On his part, the Chairman of West Link Airline, Captain Ibrahim Mshelia, reckoned that some projections of the national carrier were not feasible.

Mshelia noted that some large airlines like Lufthansa and KLM actually have large workforce in excess of 100, 000 employees. But the same cannot be said of other airlines “on our level” like Kenya Airways that has 5, 000 or Etihad that has about 14,000.

“How on earth will an airline that is a dream away or a mirage employ 70, 000 people? There has to be transparency in the whole exercise. He (the minister) must be called to order,” he said.

Mshelia added that the process of registering an airline would require a minimum of a 12 months incubation period, which raises a feasibility doubt on Nigeria Air taking off in April 2022.

He said it begins with registering with the Corporate Affairs Commission (CAC) and application for the ATL, if the operation is scheduled in nature.

“We all know that every director has to fill a form because the International Civil Aviation Organisation (ICAO)-recommended practice is that all those who operate airlines must have reputable track records so that we don’t have criminals doing gunrunning, laundering and what have you. Every director on paper must be vetted by the Department of State Services (DSS). They must also complete Personal History Statement (PHS) form and submit same, after which the documents are sent to the DSS that must verify every single claim on it.

“After the vetting, the airline must put out an advert for 28 days for anyone that has an issue regarding licensing of the ATL to the applicant to come up with reasons. There could be court cases going on for months, or years and that should further tell you something.

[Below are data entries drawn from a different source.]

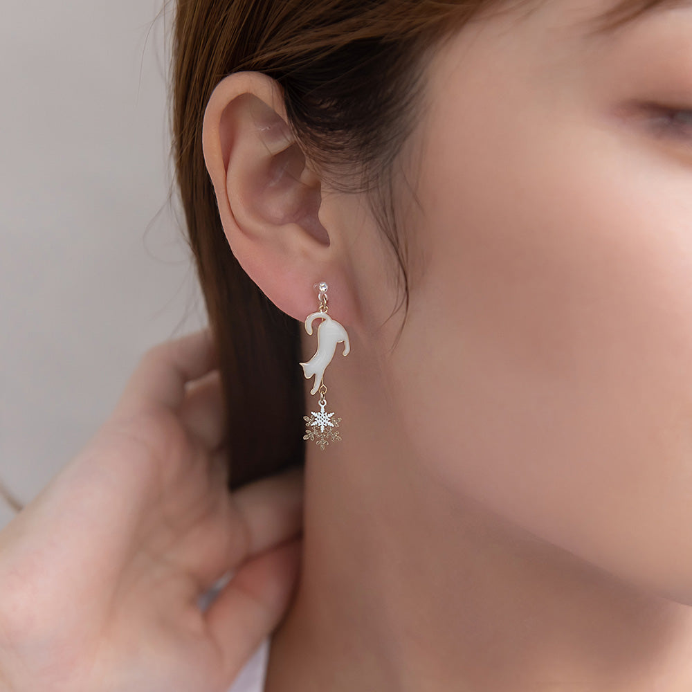 Instantly add charming winter sparkle to your style with our Winter Cat Invisible Clip Ons. Featuring an adorable white cat motif and beautiful snow crystal accents, these delicate earrings instantly bring romantic charm to any outfit. Designed with lightweight, invisible plastic clip-on backs, they offer all-day comfort—even for sensitive ears. Treat yourself or gift them to someone who loves a touch of cute, festive fun!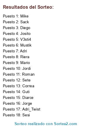 Lista de participantes: Jorge, Adri_Twist, Adri, Jordi, Diarce, Mike, Riera, Roman, Mario, Mustik, Diego, Sesi, Josito, Guti, Sack, Correa, Sete, V3sti4.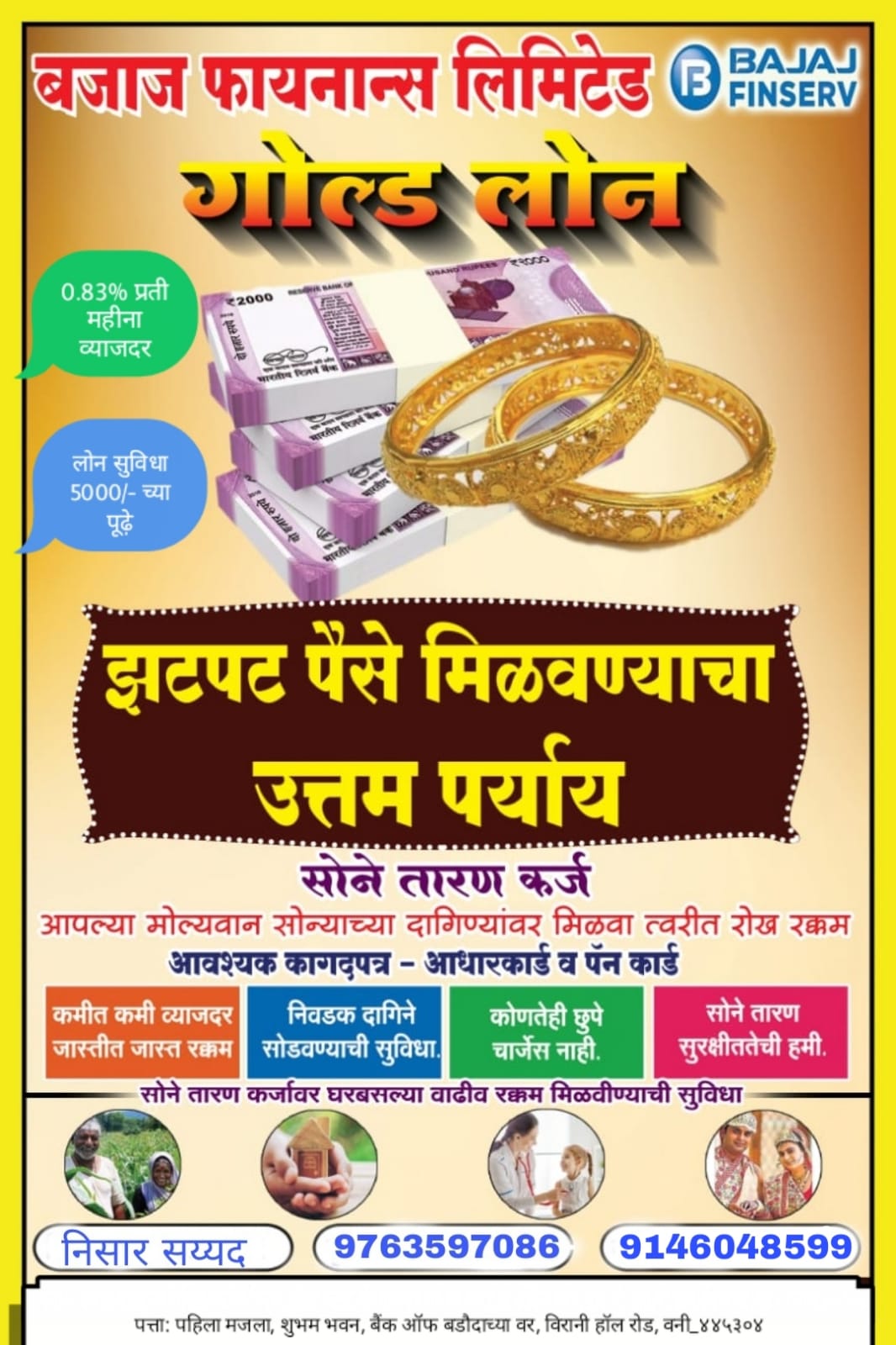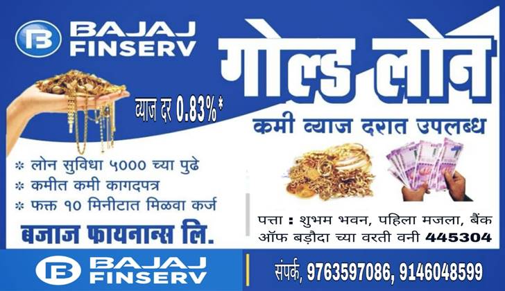 बहुगुणी डेस्क, वणी: बजाज फायनान्स (बजाज फिनसर्व) लिमिटेडतर्फे नवरात्री निमित्त आतापर्यंतच्या सर्वात कमी व्याज दरात गोल्ड लोन (सोने तारण कर्ज) उपलब्ध करून देण्यात आले आहे. यात 0.83 टक्के प्रति महिना व्याजदर असून 5 हजारापासून 2 करोड़पर्यंत सोने तारण ठेऊन ग्राहकांना कर्ज उपलब्ध करून देण्यात येत आहे. विशेष म्हणजे आधारकार्ड व पॅनकार्डवर हे दोन डॉक्युमेन्ट देऊन अवघ्या 10 मिनिटात कर्ज सेवा मिळणार आहे. अधिक माहितीसाठी 9763597086 व 9146048599 या क्रमांकावर किंवा शुभव भवन, विराणी हॉल रोड येथे संपर्क साधण्याचे आवाहन करण्यात आले आहे.

“All these have to be done before the ATL is obtained so that promoters of the airline can thereafter apply for AOC, and you know how long it takes to get AOC in Nigeria. Of course, those that are involved are not going to rush the process because it is a Nigerian project, and we will not allow that. In addition to that, we are a Category-one country. They should not dare do that otherwise they will lose that status,” Mshelia warned.

Another stakeholder, who did not want to be named intoned that the “noble initiative” began with a wrong footing and has continued in errors that naturally discredit the merits.

“We live in a country where nobody can trust politicians, or the government. The reason is simple; you can easily pick holes in their claims. The minister, a trained aviator and someone that should know should not say that a new airline would employ 70, 000 people and expect Nigerians to clap for him. Even the best airlines in the world don’t have such numbers despite decades of operation. The figures are all in the public domain. So, when you start with a lie, you make nonsense of the whole thing.

“It is unheard of that a government that is borrowing to pay salaries will be funding a national carrier, albeit camouflaging with foreign investment, which has been non-existent. In 2017, a prominent middle eastern carrier rejected the offer of partnership with the Nigerian Air project, and advised the minister of aviation to first go and fix the infrastructure in the industry – terminals, aids, seamless connection between domestic and international flights and so on.

“Fixing the infrastructure and other such steps should be the priority of the minister. Why is he championing the national carrier if the government, according to him, has only five per cent interest? How can he set up a start date without even naming the foreign partners? Who are the local partners? Why has the project failed to fly even after embarking on it for five years? Sirika is Nigeria’s longest serving minister, and has received every financial and budgetary support to succeed, but there’s very little to show for it,” he said.